Written by Cathy Walker-Gilman to Mrs. Romney - WOMEN
ChrisDeanna Sep 2012
Dear Mrs. Romney:
I work very hard in my daily life to assume the best about people. So the only thing I am going to assume about you is that you are probably a pretty nice person with a good heart. I like to make this global assumption without the taint of the opinions of others.
And I would appreciate it if you would stop assuming things about me.
I am not a part of the amorphous American female collective you spoke of last night. In fact, I take great offense to being lumped together with the female stereotype you presented.
I am not the woman you described, nor are any of my female friends.I am much, much more.Allow me to introduce myself.I am a member of the middle class, but I haven’t always been. I have been teaching middle school since I graduated from college. My first job paid $1300 a month. For seven years I supplemented my income by working evenings and weekends at a movie theater and a retail store.
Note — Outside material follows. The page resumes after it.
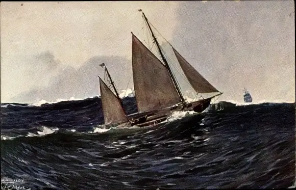 Künstler Ak Segelboot auf dem Meer, Wellengang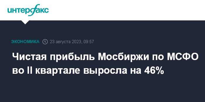 Москва. 23 августа. INTERFAX.RU - "Московская биржа" по итогам второго квартала получила 12,11 млрд рублей чистой прибыли по МСФО, что на 46,2% больше, чем за аналогичный период 2022 года (8,286 млрд рублей), говорится в отчете торговой площадки.

This was to pay my rent and my car payment and buy a few groceries.After seventeen years as a teacher, I have earned a Master’s degree, an Education Specialist degree and an administrative license. I am happily married with two elementary-age kids. My husband and I are both educators, and there is still no money left at the end of the month. We continue to live paycheck to paycheck.That’s what two teachers with two kids do.
We don’t have a housekeeper or a nanny. We don’t have personal assistants. All our limited disposable funds go towards riding and violin lessons, karate class, field trips, and school clothes for the kids. If we need new clothes, we wait for clearance sales and shop at discount stores. If one of the kids wants to add an enrichment activity to their schedule, we juggle our finances to decide what we can give up.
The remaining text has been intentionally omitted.